That understanding led Adraee to invite representatives of mainstream Arab media, including al-Jazeera, to cover the air force’s Blue Flag exercise in November, the largest in Israel’s history. The successes of Adraee and his colleagues persuaded the normally media-shy IDF Chief of Staff Gadi Eizenkot to grant Saudi news portal Elaph an exclusive interview in November, delving into issues like intelligence cooperation with Saudi Arabia. The rare exposé received huge interest in Israel and across the Arab world.

“The interview on Elaph opened al-Jazeera’s news bulletins for 24 hours,” Adraee boasted.

But mainstream Arab media doesn’t always take the bait. Recently, he unsuccessfully tried to push footage of a Palestinian Red Crescent ambulance unlawfully transporting stone-throwers away from a clash scene with the IDF in the West Bank.

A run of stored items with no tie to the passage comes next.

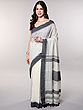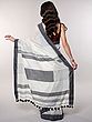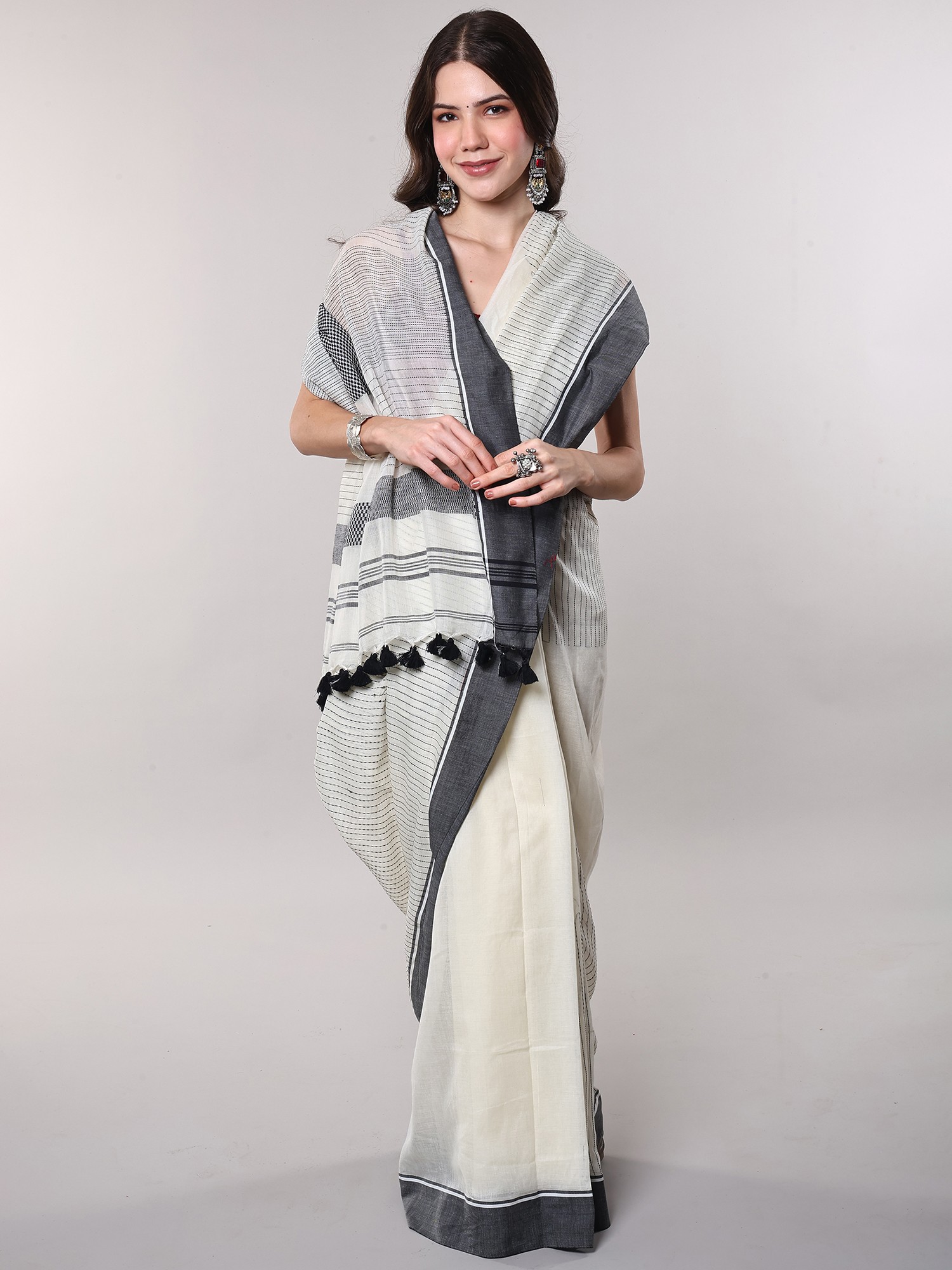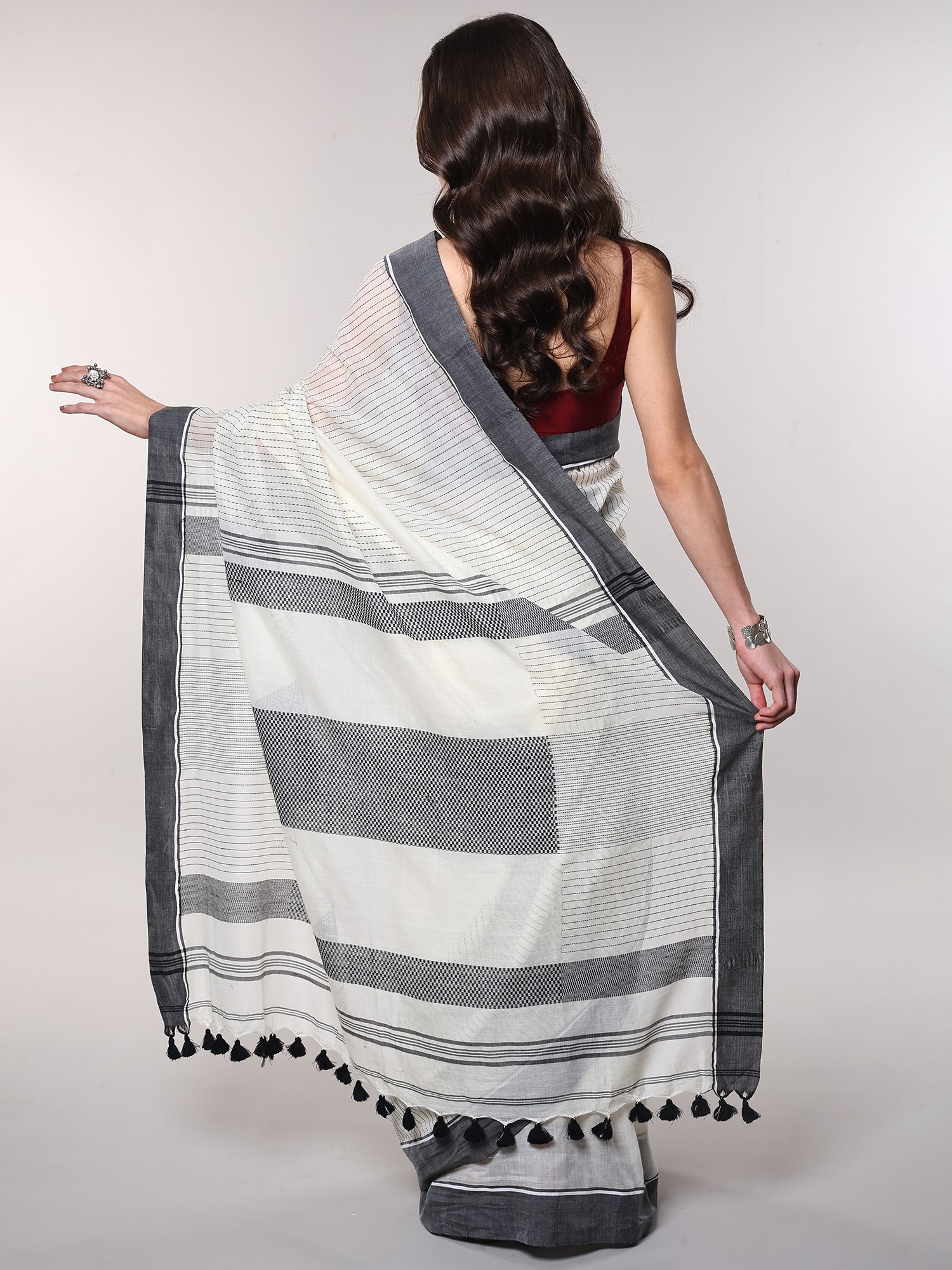 Lucnet-White and Black Ikat Woven Pure Cotton Saree from Puchampally
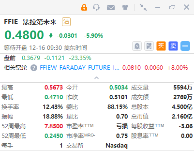 法拉第未来盘前一度跌30%,截至发稿跌幅收窄至23.35%,此前公司表示可能在明年3月底前开始生产第一批电动SUV,但首先必须筹集1.5亿至1.7亿美元资金。截至11月底,该公司仅有2250万美元现金。
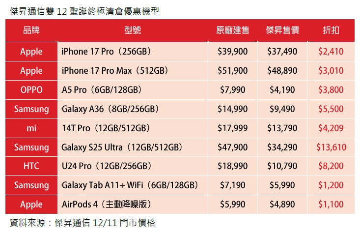 傑昇通信表示,雙12搭配聖誕節的重頭戲,各大通路無不卯足全力釋出優惠吸客,可望催出年末換機潮。備受矚目的蘋果iPhone 17系列無疑是關注重點,像是iPhone 17 Pro(256GB),雙12優惠期間現省2410元;超夯單機iPhone 17 Pro Max(512GB)更是結帳立即折抵3010元,連同AirPods 4(主動降噪版)也只賣4890元,這次優惠力度超有感。

Palestinian media took interest in the story only after the Red Crescent published a statement accusing Adraee of lying about the facts of the incident.

“This story made us wonder whether we published accurate information on the event. I still think we were right to publish. But it also showed our limitations in conveying our message to the Palestinian public. By waging the war on social media, we can bypass hostile mainstream media and reach large audiences.”

As Adraee strives to personalize the IDF and make it more likable, he leavens videos of IDF strikes and warnings to Hezbollah with less aggressive and militaristic fare, like food recipes and pop culture. His Facebook posts are often seasoned with quotes from the Quran or classic Arabic poetry. On Dec. 1, he asked his followers to weigh in on the final draw of the soccer World Cup in Russia next year. Another time he explained the history of Hanukkah ahead of candle lighting.

“To receive the levels of exposure we enjoy, we can’t just present the IDF as a powerful army prepared for war tomorrow morning. We must use many soft messages as well. These soft messages can be an emphasis of our many commonalities,” he explained. “I too watch Arab Idol, so why not share my thoughts about the show? I too follow the Champions League, so why not discuss Barcelona versus Real Madrid?”

Adraee is unabashed while treading the fine line between hardcore army issues and politics. He sees himself as an Israeli “state tool” and believes he may be more successful than his civil-servant colleagues, thanks to the military uniform he wears on media interviews. “I hold that people in uniform are considered more trustworthy by the public,” he said. “I’m not sure this is true in Europe, but in the Arab world, my nonacademic impression is that uniform exudes prestige and credibility. When Egyptian President Abdel Fattah Sisi inaugurated the new Suez Canal he came in uniform, even though it wasn’t a military ceremony.”

Adraee also cited a common slogan frequently heard in demonstrations across the Arab world: “The army and the people are one.”

The young officer always has one eye on regional neighbors and the other on domestic politics. Israelis, he claimed, are often condescending toward Arabs, an attitude he said is not conducive to successful advocacy.

“I see them as equals. I engage my audience directly and transparently. I think they’re no different than us. By humanizing Israelis—often viewed negatively and even anti-Semitically by some Arabs—we can bring about change,” he claimed.

“Not a week goes by without at least two articles in Arab media about the dangers of the IDF messaging. That means we’re doing something right.”